HRW interviewed more than 200 people, including 61 children working in small-scale gold mining. They found child workers dig and drill in deep, unstable pits, work underground for shifts of up to 24 hours, and transport and crush heavy bags of gold ore. Children risk injury from pit collapses and accidents with tools, as well as long-term health damage from exposure to mercury and dust, and carrying heavy loads.
“Tanzanian boys and girls are lured to the gold mines in the hopes of a better life, but find themselves stuck in a dead-end cycle of danger and despair,” said Janine Morna, children's rights research fellow at HRW. “Tanzania and donors need to get these children out of the mines and into school or vocational training.” HRW says child labourers, as well as children living near mining sites, are at serious risk of mercury poisoning. Miners mix mercury with crushed ground ore and burn the resulting gold-mercury amalgam to release the gold, exposing them to poisonous mercury fumes. Even small children who are not working are often present during this process, which is sometimes carried out in the home.
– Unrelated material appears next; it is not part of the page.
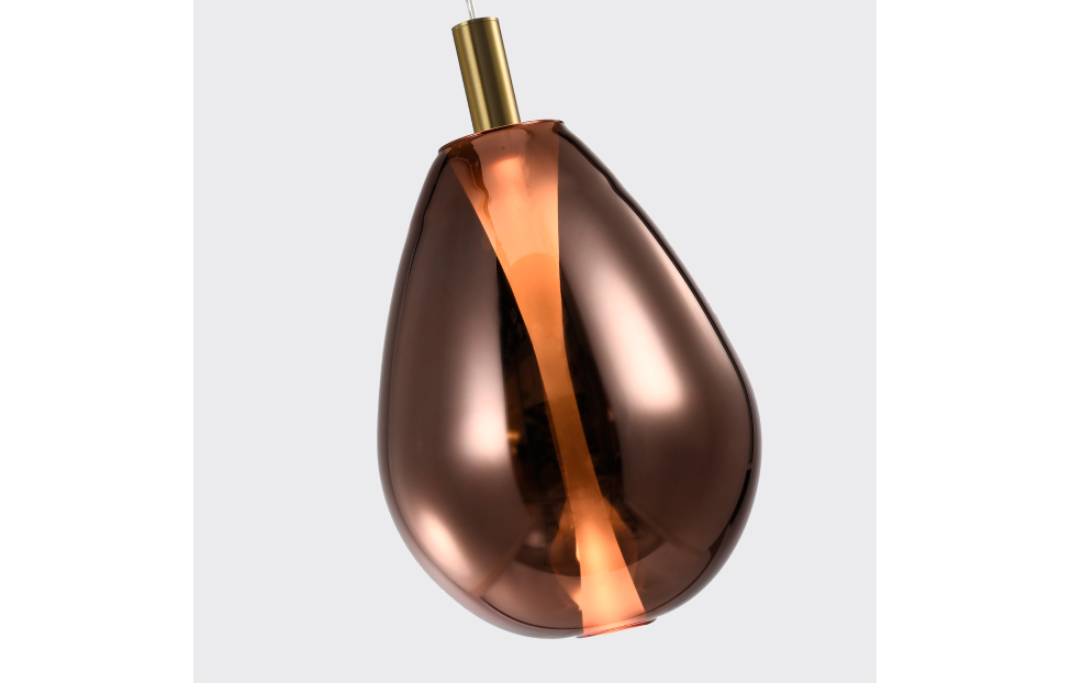 Особенностью подвесов Hopper является декоративный элемент в центре, формируемый в процессе выдувки стекла, который создает сложную и интересную форму плафона, становится основой его неповторимого облика. Плафон подсвечивается изнутри светодиодным источником света, создавая эмоциональное волнующее освещение. Подвес с каркасом в цвете латунь, с плафоном в медном цвете, регулируемая высота.

The gold industry has a responsibility to ensure it does not benefit directly or indirectly from unlawful child labour, HRW notes. Yet most gold traders it interviewed in Tanzania had no procedures to keep gold mined by children out of their supply chains. “As those with the buying power, gold traders have leverage over their suppliers,” Morna said. “They should use it to protect children and to protect consumers from buying gold tainted by child labour.”
Gold standard
Children as young as eight years old are working in Tanzanian small-scale gold mines, with grave risks to their health and even their lives, an investigation has discovered.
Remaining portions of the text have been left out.